* _Directions_: Begin at the line containing "朝練習スタートです。2年生は" in the data below and go on through the line containing "A Palestinian man", repeating each line exactly; include both ends and no other line.

* _Records shown_:

Segment Open

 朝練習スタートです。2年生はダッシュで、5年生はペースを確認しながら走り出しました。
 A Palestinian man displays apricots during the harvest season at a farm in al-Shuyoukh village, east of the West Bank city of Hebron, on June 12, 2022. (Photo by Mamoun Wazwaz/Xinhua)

Segment Closed
Segment Open

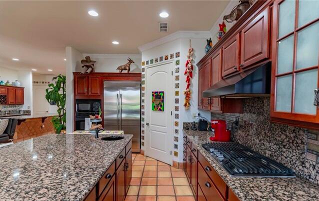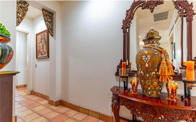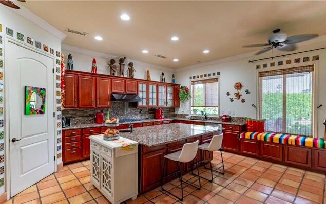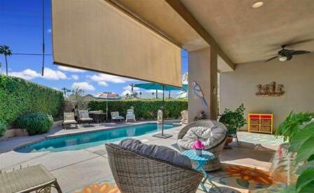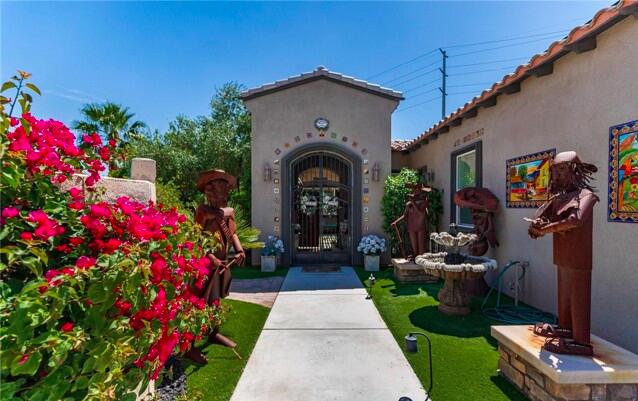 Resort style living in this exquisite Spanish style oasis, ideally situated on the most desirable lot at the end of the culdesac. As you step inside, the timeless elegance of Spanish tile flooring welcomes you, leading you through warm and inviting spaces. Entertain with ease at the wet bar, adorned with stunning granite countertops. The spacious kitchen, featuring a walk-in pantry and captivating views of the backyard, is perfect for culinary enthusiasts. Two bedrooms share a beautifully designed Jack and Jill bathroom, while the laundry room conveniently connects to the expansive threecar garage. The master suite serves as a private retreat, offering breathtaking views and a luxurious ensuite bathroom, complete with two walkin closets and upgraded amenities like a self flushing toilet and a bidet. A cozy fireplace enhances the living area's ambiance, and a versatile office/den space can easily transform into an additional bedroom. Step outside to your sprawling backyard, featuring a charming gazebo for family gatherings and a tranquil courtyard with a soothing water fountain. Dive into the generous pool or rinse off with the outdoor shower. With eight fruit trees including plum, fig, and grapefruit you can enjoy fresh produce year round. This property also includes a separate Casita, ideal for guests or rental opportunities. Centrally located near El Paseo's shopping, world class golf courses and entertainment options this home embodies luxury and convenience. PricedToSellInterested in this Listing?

Segment Closed

* _Answer for the task_:
 朝練習スタートです。2年生はダッシュで、5年生はペースを確認しながら走り出しました。
 A Palestinian man displays apricots during the harvest season at a farm in al-Shuyoukh village, east of the West Bank city of Hebron, on June 12, 2022. (Photo by Mamoun Wazwaz/Xinhua)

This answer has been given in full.